**ACTIVITY**
Pictures stay out, but every line of the data is copied exactly.

--*--

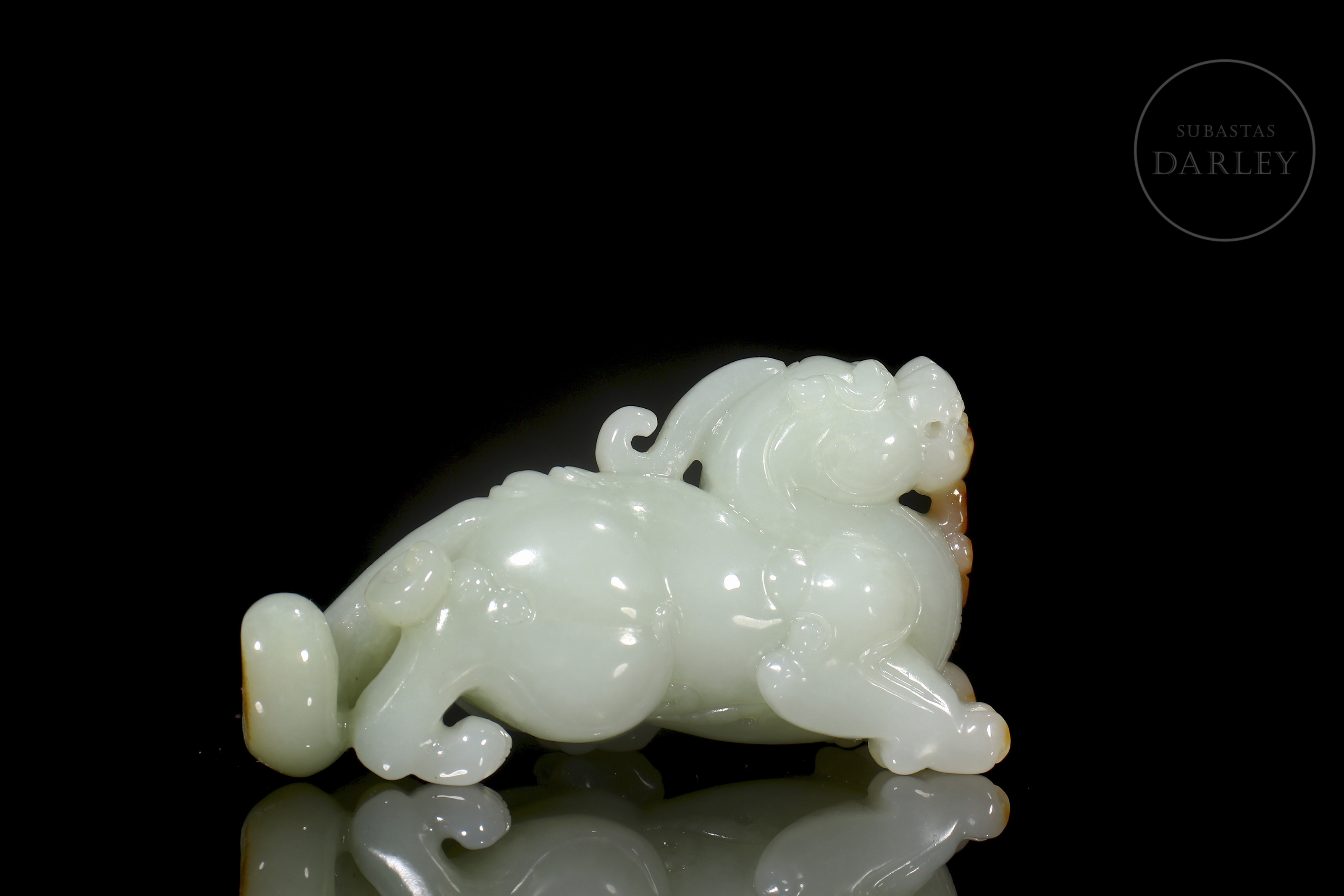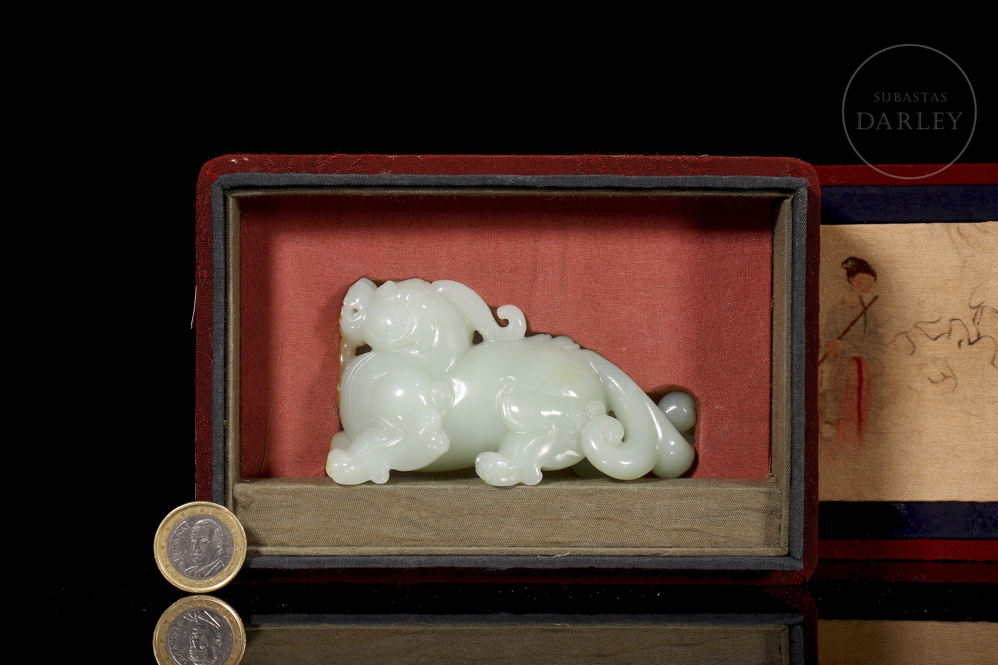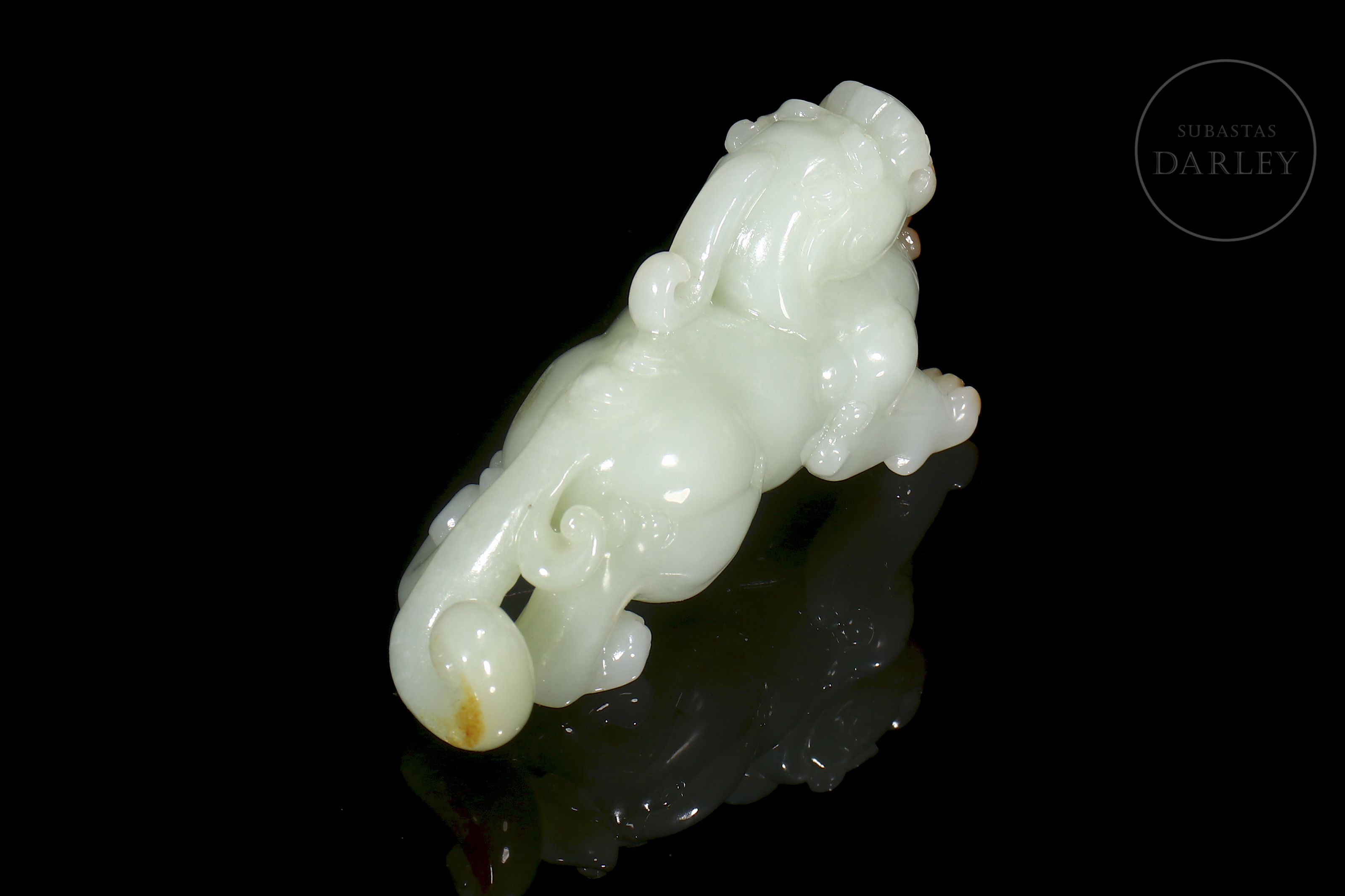 Zoomorphic sculpture in white Hetian jade, representing a fantastical creature with a reclining body, sturdy legs and an upright head with an energetic expression. The mane and tail are carved with undulating incisions that accentuate the movement. The jade, with a uniform tone and slight natural veins, has areas of ochre patina that have been used in the carving. It is kept in a custom-made box lined with fabric.
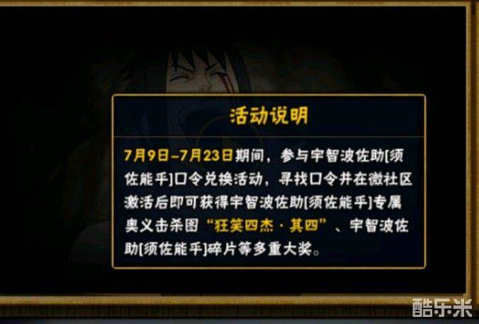 活动说明:7.9日—7.23期间,寻找口令并在微社区即可获得宇智波佐助专属奥义击杀图、碎片等大奖,游戏里佐助的专属活动,找到奥义图,然后点击详情,输入口令就可以了。
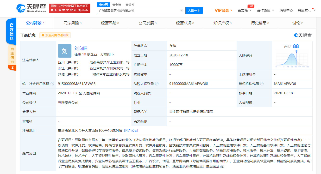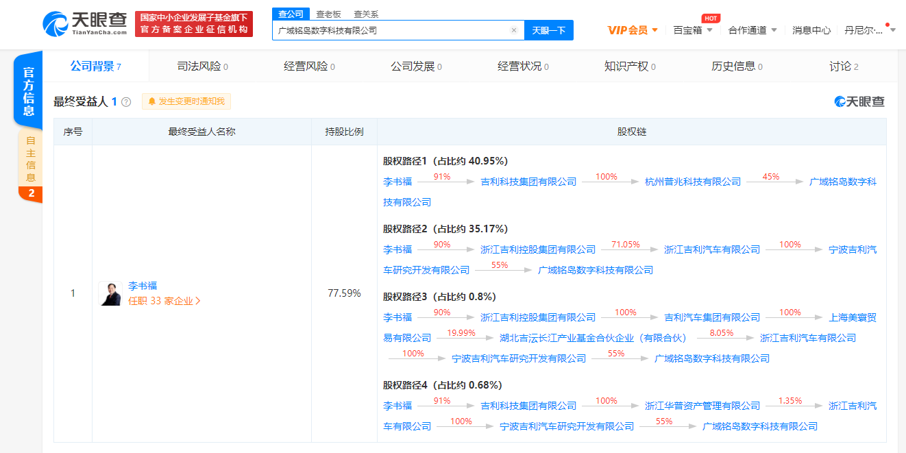 【环球网综合报道】天眼查App显示,近日,广域铭岛数字科技有限公司成立,由宁波吉利汽车研究开发有限公司和杭州普兆科技有限公司(由吉利科技集团有限公司100%持股)共同持股,经营范围含区块链技术相关软件和服务、人工智能应用软件开发、人工智能基础软件开发、人工智能理论与算法软件开发等,注册资本1亿,李书福为最终受益人和疑似实际控制人。
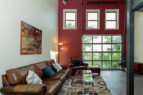 Delightful and unique building, nondescript on the outside, bursting with charm, style and an artistic atmosphere on the inside. 2 lvls of living space with large common foyer is inviting and spacious. It feels like you are in an art studio! Enter space through grey steel double door, once inside, you are surrounded by light and height. Soaring ceilings with wall of windows lets in natural light, all glass garage door opens to the RIVER with potential for private deck. Custom stairway throughout space, winds through to bring you to a large loft bedroom, then 2 private bedrooms. Modern bathroom with glass shower door, copper ceiling and sleek tile. An absolutely enchanting condominium. OPEN space allows for huge dining room table, living room and family space. Separate bedrooms, both with access to private roof deck. In-unit laundry. Parking. Walk to Hyde Park commuter rail T, short ride on the train to Back Bay & Downtown. Close to Blue Hills Reservation.
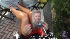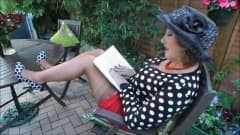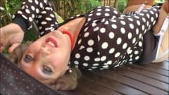 A mulher idosa brinca com seus brinquedos sexuais no jardim.
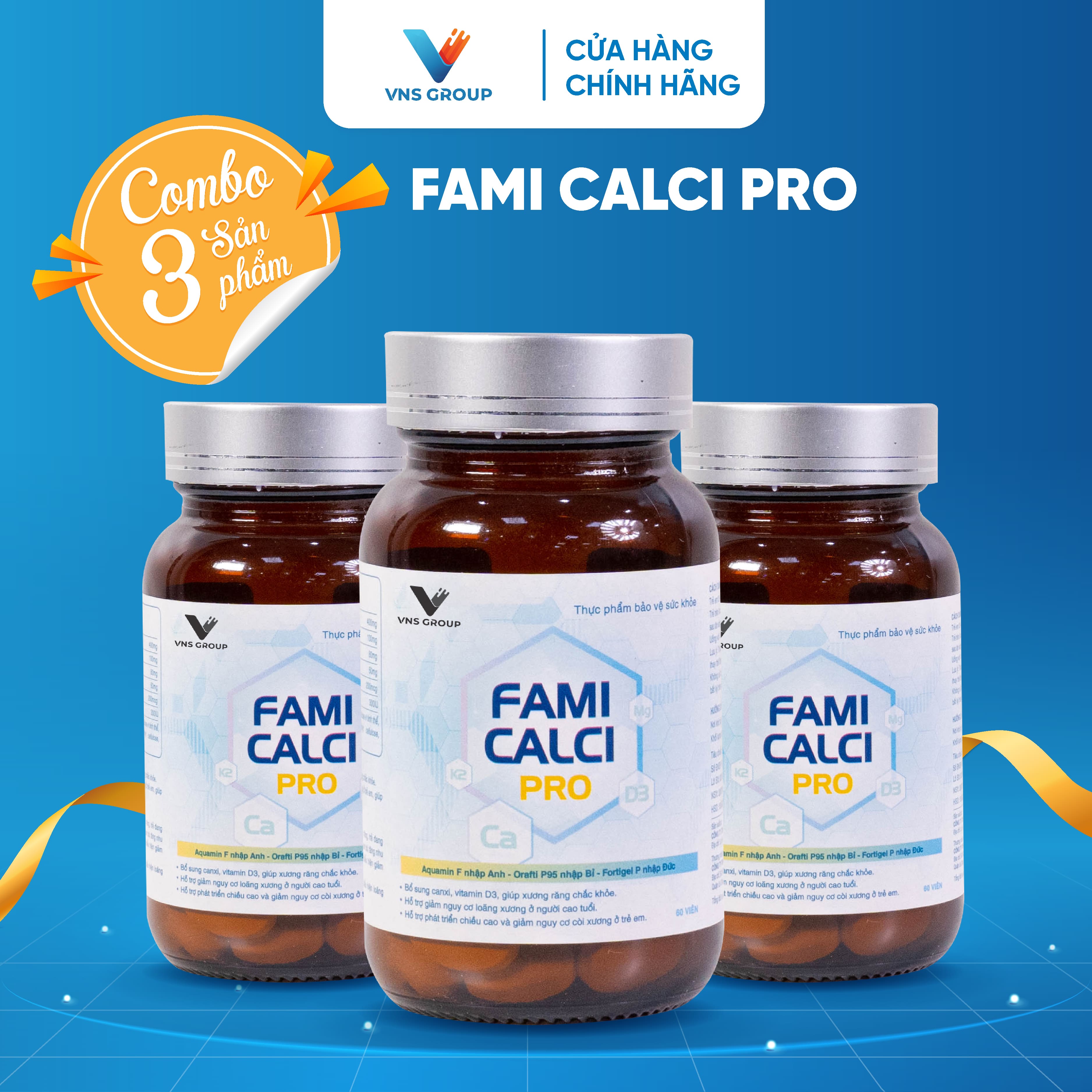 A27 - COMBO 3 Viên uống Fami Calci Pro VNS Group bổ sung canxi, vitamin D3, hỗ trợ hấp thu canxi, giúp xương răng chắc khỏe hộp 60 viên
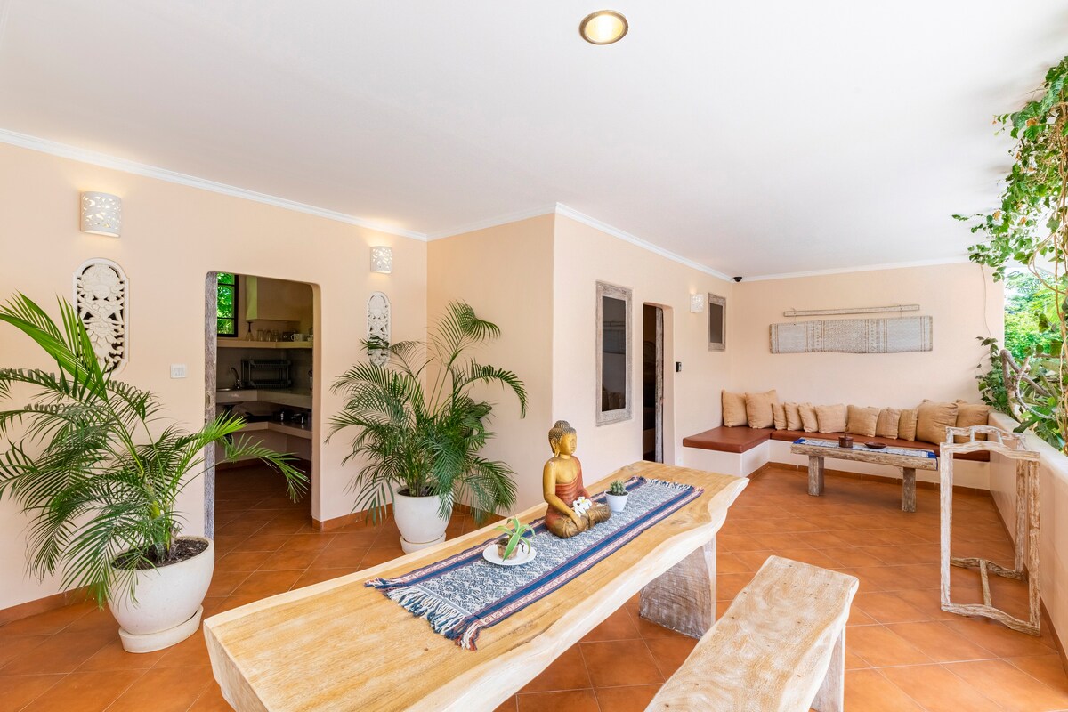 Discover many surprising ways to unwind in this self-contained Villa Bungalow within our sprawling estate. Wander lush gardens, sway in a vintage-style tandem swing, or relax by the natural stone pool. Soak in a designer tub or choose a book that tickles your fancy and relax on the breezy patio/veranda daybed. Your King Bed is like sleeping on a cloud. Also included: - Separate kitchen - Daily maid/housekeeping service - Up to 150mbps Wifi - 8-10 min walk to the beach - Peaceful, quiet
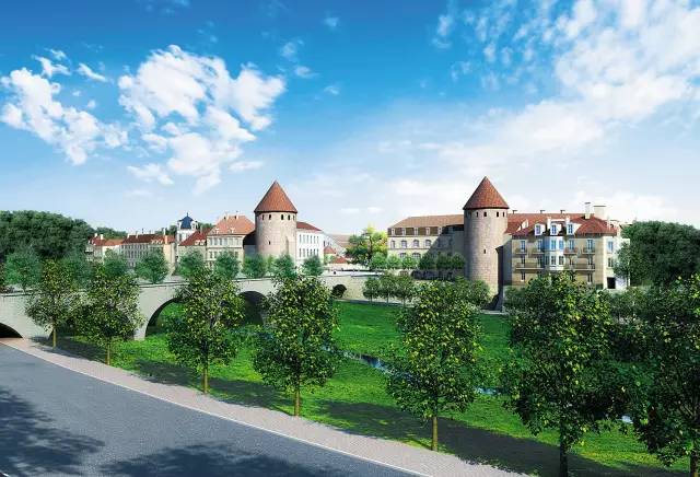 将2至3层建筑布局在基地的低洼部分,4至5层的建筑布置在基地的高地部分,形成“丰富的街路空间”,再现一个童话般的小镇。参考捷克小镇克伦诺夫的城堡、教堂、修道院等大型建筑的建筑特色,整合蜿蜒曲折、壮丽秀美的河流,构成尺度宜人的步行空间。

--*--

**TASK OUTPUT**
 Zoomorphic sculpture in white Hetian jade, representing a fantastical creature with a reclining body, sturdy legs and an upright head with an energetic expression. The mane and tail are carved with undulating incisions that accentuate the movement. The jade, with a uniform tone and slight natural veins, has areas of ochre patina that have been used in the carving. It is kept in a custom-made box lined with fabric.
 活动说明:7.9日—7.23期间,寻找口令并在微社区即可获得宇智波佐助专属奥义击杀图、碎片等大奖,游戏里佐助的专属活动,找到奥义图,然后点击详情,输入口令就可以了。
 【环球网综合报道】天眼查App显示,近日,广域铭岛数字科技有限公司成立,由宁波吉利汽车研究开发有限公司和杭州普兆科技有限公司(由吉利科技集团有限公司100%持股)共同持股,经营范围含区块链技术相关软件和服务、人工智能应用软件开发、人工智能基础软件开发、人工智能理论与算法软件开发等,注册资本1亿,李书福为最终受益人和疑似实际控制人。
 Delightful and unique building, nondescript on the outside, bursting with charm, style and an artistic atmosphere on the inside. 2 lvls of living space with large common foyer is inviting and spacious. It feels like you are in an art studio! Enter space through grey steel double door, once inside, you are surrounded by light and height. Soaring ceilings with wall of windows lets in natural light, all glass garage door opens to the RIVER with potential for private deck. Custom stairway throughout space, winds through to bring you to a large loft bedroom, then 2 private bedrooms. Modern bathroom with glass shower door, copper ceiling and sleek tile. An absolutely enchanting condominium. OPEN space allows for huge dining room table, living room and family space. Separate bedrooms, both with access to private roof deck. In-unit laundry. Parking. Walk to Hyde Park commuter rail T, short ride on the train to Back Bay & Downtown. Close to Blue Hills Reservation.
 A mulher idosa brinca com seus brinquedos sexuais no jardim.
 A27 - COMBO 3 Viên uống Fami Calci Pro VNS Group bổ sung canxi, vitamin D3, hỗ trợ hấp thu canxi, giúp xương răng chắc khỏe hộp 60 viên
 Discover many surprising ways to unwind in this self-contained Villa Bungalow within our sprawling estate. Wander lush gardens, sway in a vintage-style tandem swing, or relax by the natural stone pool. Soak in a designer tub or choose a book that tickles your fancy and relax on the breezy patio/veranda daybed. Your King Bed is like sleeping on a cloud. Also included: - Separate kitchen - Daily maid/housekeeping service - Up to 150mbps Wifi - 8-10 min walk to the beach - Peaceful, quiet
 将2至3层建筑布局在基地的低洼部分,4至5层的建筑布置在基地的高地部分,形成“丰富的街路空间”,再现一个童话般的小镇。参考捷克小镇克伦诺夫的城堡、教堂、修道院等大型建筑的建筑特色,整合蜿蜒曲折、壮丽秀美的河流,构成尺度宜人的步行空间。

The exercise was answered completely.